183. What is a strong postmortem action?

“Block model rollout unless synthetic GPU inference passes on target SKU and p99 canary remains below threshold for 30 minutes.”

184. What is MTTR misleading about?

It can hide frequency, customer severity, detection delay, or repeated small incidents. Use with recurrence and error budget impact.

185. What is an incident commander responsible for?

Coordination, scope, communication, decision cadence, role assignment, and keeping mitigation moving without doing every technical task.

186. What should you freeze during major incidents?

Risky deploys, broad automation, autoscaler policy changes, or unrelated infra work that can add noise, unless needed for mitigation.

187. Why preserve failed pods?

They contain logs, exit status, mounted config, runtime state, and evidence that may disappear after restarts.

188. When is rollback not the right answer?

When the issue is capacity, dependency, traffic change, data corruption, or rollback would cause greater risk than targeted mitigation.

189. What is a rollback readiness requirement?

Known-good artifact, compatible config/schema, traffic routing control, data compatibility, and validation that rollback actually restores SLO.

190. What is a synthetic canary blind spot?

It may be too small, too cheap, too cached, not tenant-realistic, or not exercising the GPU/model path.

191. What makes a dashboard useful?

It answers operational questions quickly: impact, scope, layer, change correlation, mitigation effect, and owner.

192. What makes a dashboard decorative?

Pretty graphs without thresholds, labels, SLO context, failure-domain breakdown, or actionability.

193. How do you scope a latency incident?

By tenant, model, version, region, cluster, node pool, GPU SKU, route, request class, and recent change.

194. What is change correlation?

Mapping incidents to deploys, config changes, node rollouts, traffic shifts, policy changes, or dependency events.
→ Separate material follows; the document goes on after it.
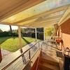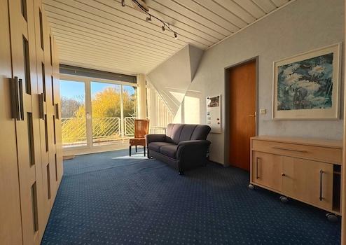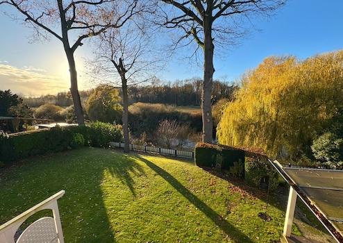 Der eingeschossige Anbau aus dem Jahr 1983 erweitert das Raumangebot mit einer zusätzlichen Wohneinheit im Erdgeschoss. Hier finden Sie ein stilvolles Schlafzimmer, einen kombinierten Wohn- und Essbereich, eine Küche und ein Badezimmer. Auch hier gibt es eine Terrasse mit wunderschönem und unverbaubarem Blick über die Ems.
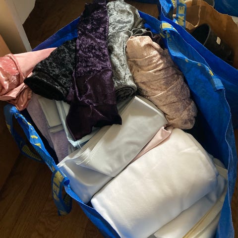 Blandad samling tyger och klädesplagg i olika färger, mönster och material. Bilderna visar både enfärgade och mönstrade textilier samt några färdiga plagg. Lämpligt för sömnad, hantverk eller som bas i garderoben beroende på vad som ingår i partiet. Storlekar, exakta material och varumärken framgår inte av informationen och kan variera mellan delarna i samlingen.

195. Why is "no deploy happened" not enough?

Traffic, data, dependencies, certificates, cloud/provider behavior, autoscaling, hardware, and background jobs can change without app deploys.
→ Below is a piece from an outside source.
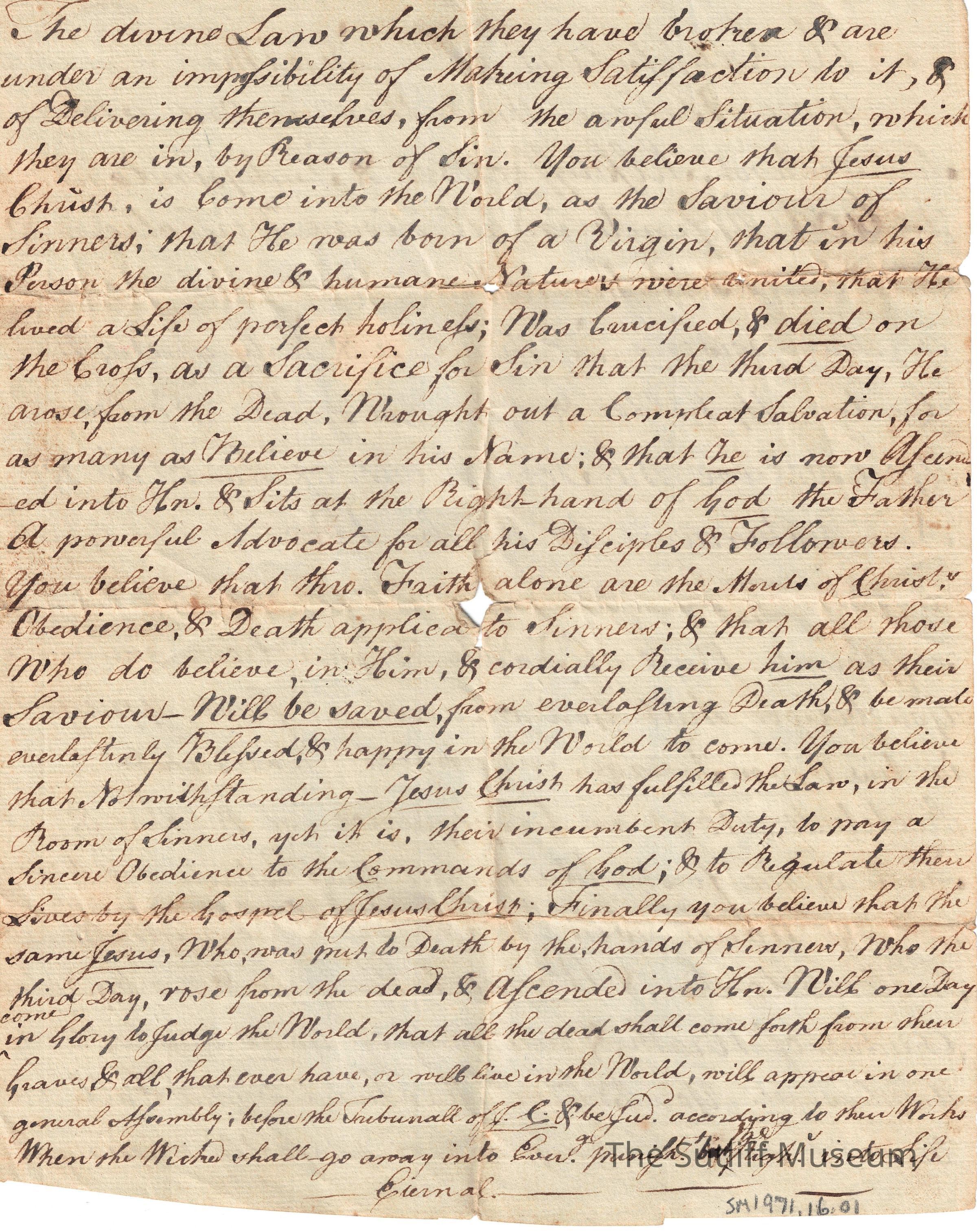 A document labeled "A Confession of Faith" written by Unknown regarding religious beliefs.

196. What is the danger of dashboards without deploy markers?

You lose the fastest path to correlate regressions with change and may waste time on unrelated hypotheses.

197. What is brownout mode?

A degraded operating mode that disables noncritical features or lower-priority traffic to preserve core service SLOs.

198. When should you declare an incident?

When user impact or credible risk needs coordinated response. Declaring early is cheaper than chaotic late escalation.

199. What is the staff-level incident answer?

Stabilize users, scope impact, assign roles, test hypotheses by layer, communicate on cadence, mitigate safely, verify recovery, and remove the failure class.

200. What is the best incident prevention philosophy?

Turn repeat pain into contracts, validation, automation, capacity policy, and observability that catches the next failure before customers do.